In Taiwan, few studies have investigated social contact patterns for modelling of respiratory infectious diseases. One such study was reported by Fu et al. [Reference Fu, Wang and Chuang17] who collected 1943 contact diaries and recorded a total of 24 265 wide-range, face-to-face interpersonal contacts during a 24-h period. Fu et al. [Reference Fu, Wang and Chuang17] found that nearly 70% of contacts occurred outside of respondents' households and the most active age group was schoolchildren (aged 5–14 years), who averaged around 16–18 daily contacts.

The Taiwan Centres for Disease Control (TCDC) has listed school closure as one of the social control measures in their ‘Strategy Plan for Executive of Influenza Pandemic Response’ to decrease the disease transmission and delay the time of an influenza outbreak (http://flu.cdc.gov.tw). The plan also indicates that during the school closure periods, parents should keep their children at home to avoid contact with infected persons in the community or public environment. However, until now, there have been no reports of the differences in contacts of children during school terms vs. holidays for school-age children in Taiwan. Hence, in order to measure the contact rates among school-age students during the regular school term vs. the contacts during a holiday from school, the objective of our study was to investigate the contact numbers and contact characteristics for schoolchildren during the school term and a holiday period by using social contact diaries. This information could provide the basis for modelling of control measures in the future.

METHODS

Sampling design

In order to measure contact patterns during school term and holiday periods for schoolchildren, this study was conducted in a single junior high school (grades 7–8, age 12–13 years) in Taichung city. The source population comprised the 1052 students enrolled at the school. Students were organized into 36 classes (12 for each grade) with each class comprised of ~30 students. We selected at random three classes in grades 7–8 to take part in our study. The eligible population was comprised of 720 students in grades 7–8. Of that group a total of 169 students gave consent to take part in the study.

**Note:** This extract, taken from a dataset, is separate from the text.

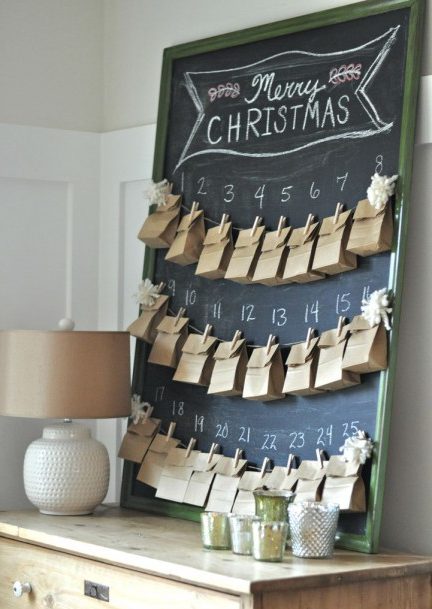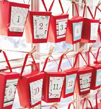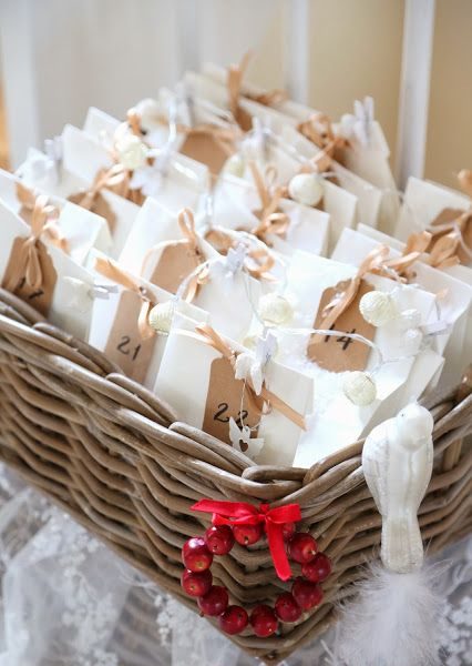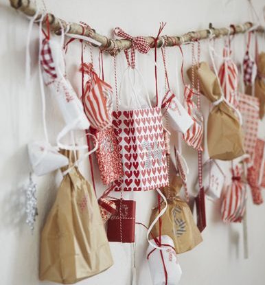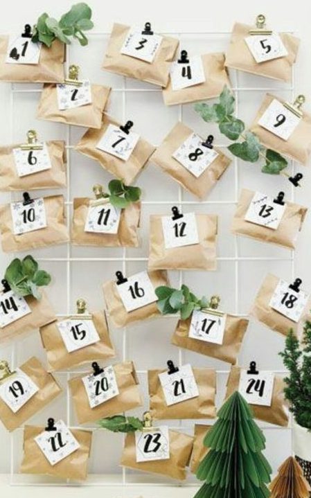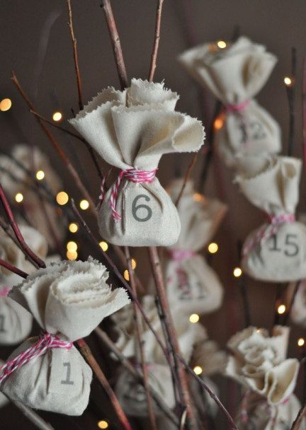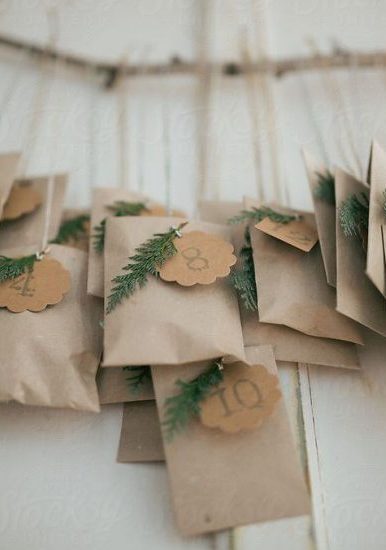 Адвент-календарь из бумажных пакетиков или мешочков. Небольшие пакетики и мешочки из бумаги или ткани можно купить или сделать своими руками. Оформить их можно в виде гирлянды или красиво расставить.

The questionnaire used for this study was approved by the Institutional Review Board of the Ethical Committees of Chung Shan Medical University (CSMUH no. CS12211). Questionnaires were completed only after the participants and their parents (or legal guardians) signed a written informed consent form. Parents of students within each of the three selected classes in grades 7–8 were provided with a consent form, asking them to provide permission for their child to take part in the study. Of the 720 students that comprised the eligible population, parental permission was provided for 169 students. Parents were not requested (or required) to provide assistance when students were completing the questionnaire. All questionnaires were completed anonymously.

Three selected classes in grades 7–8 were requested to report their contacts on different days of the week (29 May 2013 to 6 June 2013). Each participant was asked to complete two questionnaires during one randomly assigned term time (weekday) and one randomly assigned day during a holiday (weekend). The participants were told in advance which days they had been assigned and were encouraged to complete the questionnaire before they went to bed. Two questionnaire surveys for each participant were designed to investigate the individual-level difference of contact numbers per day during school term time and during a holiday period.

Questionnaire survey

A contact was defined as a two-way conversation in which at least three words were spoken by each party [Reference Eames3, Reference Horby14]. Two types of physical contact were defined: (i) two-way conversations during which at least three words were spoken (conversation only), and (ii) contacts which involved any sort of skin-to-skin contact (physical contact). The form of a contact diary was used to record all contacts during one day. The diary followed the course of the day broken down by activities, starting with activities in the morning after waking, on the way to school, playing during breaks, and other activities after school until going to bed.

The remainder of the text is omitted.